Sul debito pubblico cinese si abbatte la scure dell'agenzia di rating Moody's. Il governo di Pechino è accusato di sottostimare la reale entità dell'indebitamento degli enti locali. Una bomba a orologeria, che secondo alcuni osservatori rischia di portare il totale del debito cinese a oltre l'80% del pil (si veda ItaliaOggi del 1° luglio).

L'agenzia americana ha riferito che i resoconti ufficiali dimenticano una fetta del debito, pari a 375 miliardi di euro.

Il rapporto di Pechino parlava di 1.148 miliardi di euro, ma Moody's evidenzia che non sono stati presi in considerazione i prestiti non garantiti direttamente dalle collettività locali ma da attori collaterali o da aziende legate allo stato. Essi erano stati sottoscritti per avviare i faraonici progetti infrastrutturali pubblici, visti come il rimedio alla crisi mondiale scattata nel 2008, attraverso una forma di garanzia implicita da parte di Pechino. In tutto si arriverebbe a 1.523 miliardi.

Per arrivare al traguardo senza rimanere vincolati al tetto massimo di debito fissato, gli enti locali avevano creato piattaforme giuridicamente distinte: in tutto oltre 6.500. Gli esperti spiegano che questi veicoli di finanziamento sono in realtà pericolosi, perché hanno permesso di ottenere in prestito grosse somme di denaro senza alcuna responsabilità. Negli ultimi anni questi strumenti si sono diffusi a macchia d'olio.

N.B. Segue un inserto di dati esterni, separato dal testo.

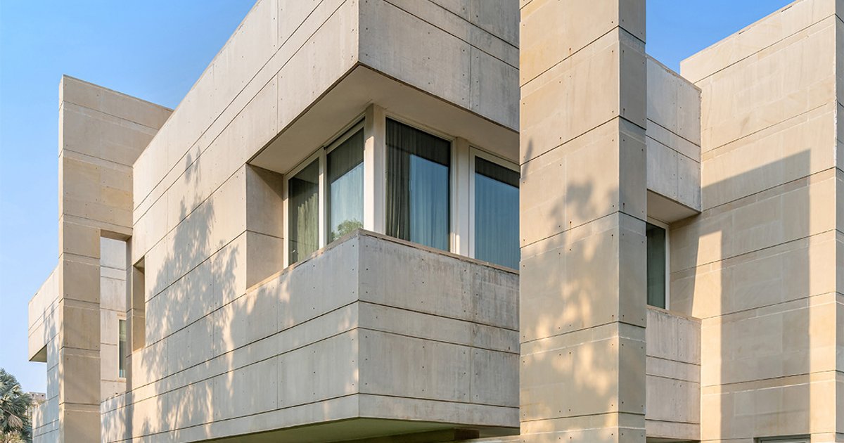 The Lakhani Villa, in Ahmedabad, embodies the concept of ‘Tranquil Modernism’, blending timeless contemporary design principles with serene, nature-integrated living spaces. With an aesthetic featuring a clean geometry and uncluttered spaces, it provides a sanctuary from the urban chaos. The beige and white sandstone and exposed architectural concrete, complements the minimalist design. Expansive shaded glazing, spacious balconies, and landscaped courtyards and lawns integrate the indoor and outdoor spaces, fostering a profound sense of harmony with nature. An expansive entrance plaza, covered by a sweeping canopy welcomes visitors with grandeur. A linear wall, punctuated with strategic openings, shields the garden from view, creating an intriguing visual element. The linear double-height vestibule that leads into the home serves to divide the public and private areas, its starkness artfully interrupted by interesting murals, adding artistic flair. Inside, the living and dining areas open into a large garden through floor-to-ceiling glazing system, enhancing the indoor-outdoor connection. The interiors echo the villa's modern ethos. Clean lines, neutral tones, and an open floor plan define the living spaces, creating an atmosphere of serenity and spaciousness. Natural materials like wood and stone add warmth and character to the décor, with an absence of clutter emphasizing functionality. The interior features Italian marble flooring and minimalist furniture, with aesthetic pieces of art imparting splashes of colour to the simple white walls. Signature light fixtures add character and elegance. The living room furniture, with bold black upholstery brightened by colourful throws and cushions, creates a striking yet inviting space. Expansive windows frame the garden, allowing natural light to flood the interior. The expansive patio, equipped with comfortable outdoor furniture, invites al fresco dining and leisurely gatherings, while a pool at the back of the house, provides a space for relaxation and recreation. Environmental sustainability is a guiding principle throughout the villa's design and construction. Use of cavity walls, eco-friendly materials and energy-efficient systems such as solar panels and LED lighting, minimize the environmental impact. Native plants, simple hardscaping, and towering trees harmonize with the villa's architecture, creating a verdant oasis that requires minimal maintenance. Existing trees on the site have been accommodated through a cut-out in the slab of the first-floor terrace, integrating Nature within the architectural framework. The aesthetic of the Lakhani Villa masterfully combines the robust, stark geometry of brutalist architecture with an unexpected airiness and lightness. The design incorporates bold, unadorned materials like concrete and sandstone, creating a raw and powerful presence, counterbalanced by expansive windows, open spaces, and design elements that allow natural light to flood the interior. This juxtaposition of heavy, solid forms with light-filled, open spaces results in a unique and harmonious living environment that feels both substantial and uplifting.

È vero che il livello di indebitamento della Cina è lontano da quello degli Stati Uniti e del Giappone (che ammonterebbe, secondo Moody's, al 36% del prodotto interno lordo), ma la questione è di ordine qualitativo più che di quantità. Il volume dei crediti locali che non possono essere onorati è compreso tra l'8 e il 12% del totale rispetto al precedente 5-8%: un fardello destinato a pesare sempre più sulle banche.

Ormai si comincia a discutere delle modalità con le quali affrontare il problema. Andrew Batson, esperto della società Dragonomics, sottolinea che è ancora difficile sapere con precisione come questi debiti toccheranno gli istituti bancari: la parte di crediti dubbi è ancora sconosciuta, anche se le stime ufficiali indicano una percentuale del 20%. Ma, soprattutto, per il momento non c'è l'accordo politico sulla ripartizione dei costi tra banche e governo centrale.

Pechino ha già annunciato un'operazione di pulizia delle piattaforme di finanziamento degli enti locali. Ma, in attesa di tale provvedimento, alcune realtà rischiano di deragliare. Il settimanale economico Caixin ha riferito che la società pubblica delle Autostrade di Yunnan, una provincia meridionale del paese asiatico, ha fatto sapere ai suoi creditori che avrebbe pagato soltanto gli interessi sul suo debito di quasi 10 milioni di euro. Il rischio di default è sempre più concreto.